At first I tried to do it with some $\epsilon-\delta$. We wish to prove that there exists some $L$ such that $\forall\epsilon>0:\exists n_0\in \Bbb{N}:n>n_0\Rightarrow|\frac{a_n}{n}-L|<\epsilon$. Which then got me to something like this:$$-\epsilon\cdot n<a_n-Ln<\epsilon\cdot n$$ which got me nowhere and I didn't find a way to make use of the inequality given.
The sequence is obviously bounded below but non-decreasing, which tells me nothing. I don't see any way to use this fact to prove the existence of given limit. Any useful tips, hints appreciated.
Partial solution: let $L = \inf \{\tfrac{a_n}n\}$ and let $\epsilon >0$. By definition of infimum, there is $k$ such that $\tfrac{a_k}k < L + \epsilon$. By induction, we find $a_{nk} \le na_k$ for all $n$. Thus $$L\le \frac{a_{nk}}{nk} \le \frac{a_k}k< L +\epsilon.$$ If you could replace $nk$ with $m$ for all $m$ large enough, you’d be done. I’ll leave this to you.
Hint: any $m$ large enough can be decomposed as $m = nk+r$ for some $n,r$ with $0\le r < k$. Take $n$ large enough and use $a_{nk+r} \le a_{nk} + a_r$.
EDIT: full solution.
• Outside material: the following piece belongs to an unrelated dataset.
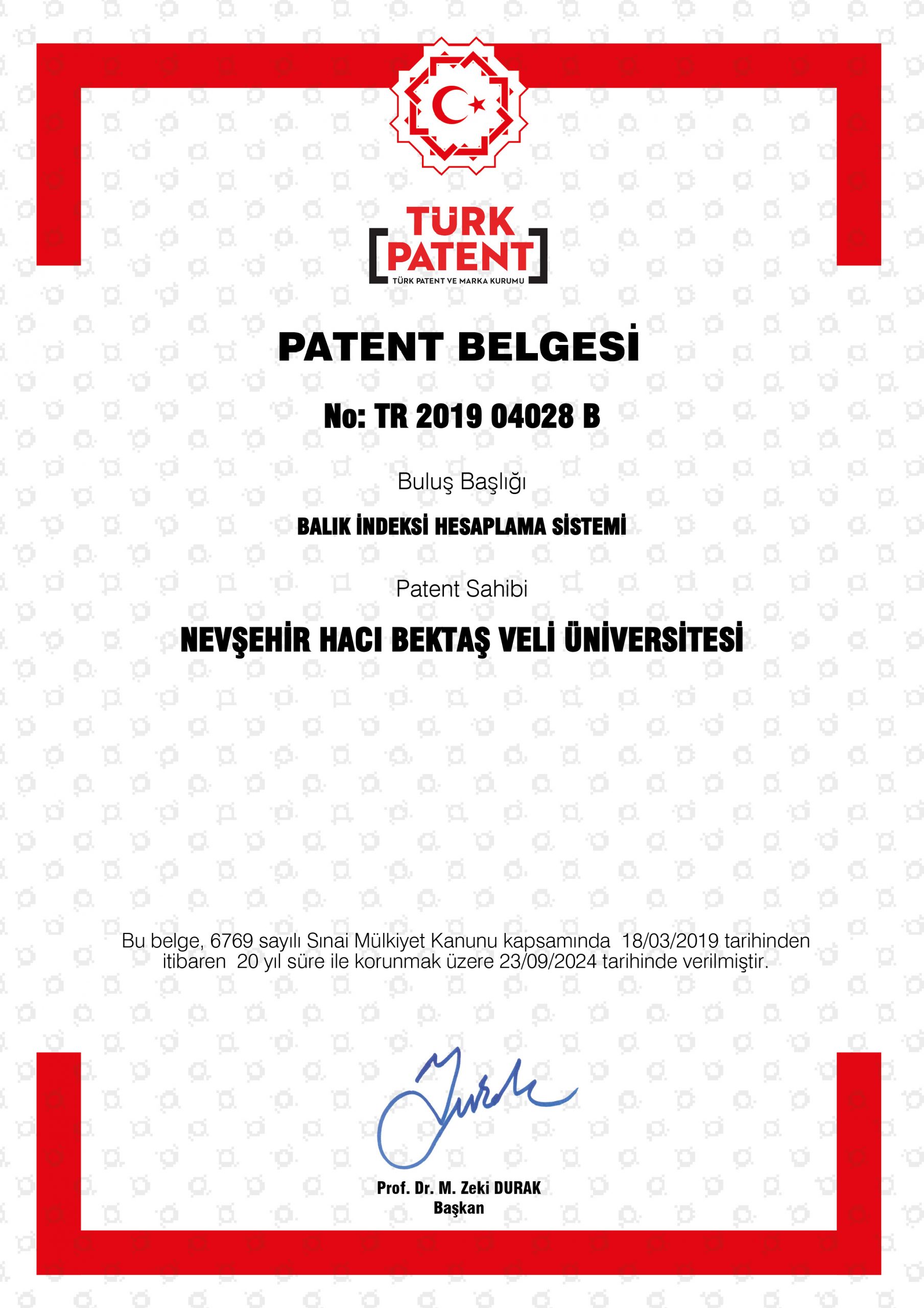 NEVÜ adına; Fen Edebiyat Fakültesi Biyoloji Bölümü öğretim üyeleri Prof. Dr. Erdoğan Çiçek ve Doç. Dr. Sevil Sungur, Hacıbektaş Teknik Bilimler Meslek Yüksekokulu öğretim elemanları Öğr. Gör. Alper Görgün ve Öğr. Gör. Orçun Bağra’nın biyolojik materyallerin su kalitesinin belirlenmesinin yanı sıra izlenmesi amacıyla kullanılmasını içeren ve balıkların değerlendirilmesi için bir balık indeksi hesaplama sistemine odaklayan “Balık İndeksi Hesaplama Sistemi” başlıklı buluşları, TÜRKPATENT tarafından tescillendi.

With $L, \epsilon, k$ as defined above, take $M$ large enough that $$\frac{\max\{a_1, a_2, \ldots, a_{k-1}\}}{M} < \epsilon.$$
Then for any $m > Mk$, there is $N\ge M$ and $ 0 \le r < k$ such that $m = Nk+r$. Now $$L \le \frac{a_m}{m} = \frac{a_{Nk+r}}{Nk+r} \le \frac{a_{Nk}}{Nk+r} + \frac{a_r}{Nk+r} \le \frac{a_{Nk}}{Nk} + \frac{a_r}{M} \le \frac{a_k}{k} + \epsilon < L+2\epsilon.$$ This shows that for any $m > Mk$, we have $\lvert \tfrac{a_m}{m} - L \rvert < 2\epsilon$. Hence by the definition of limit, $\tfrac{a_m}{m} \to L$.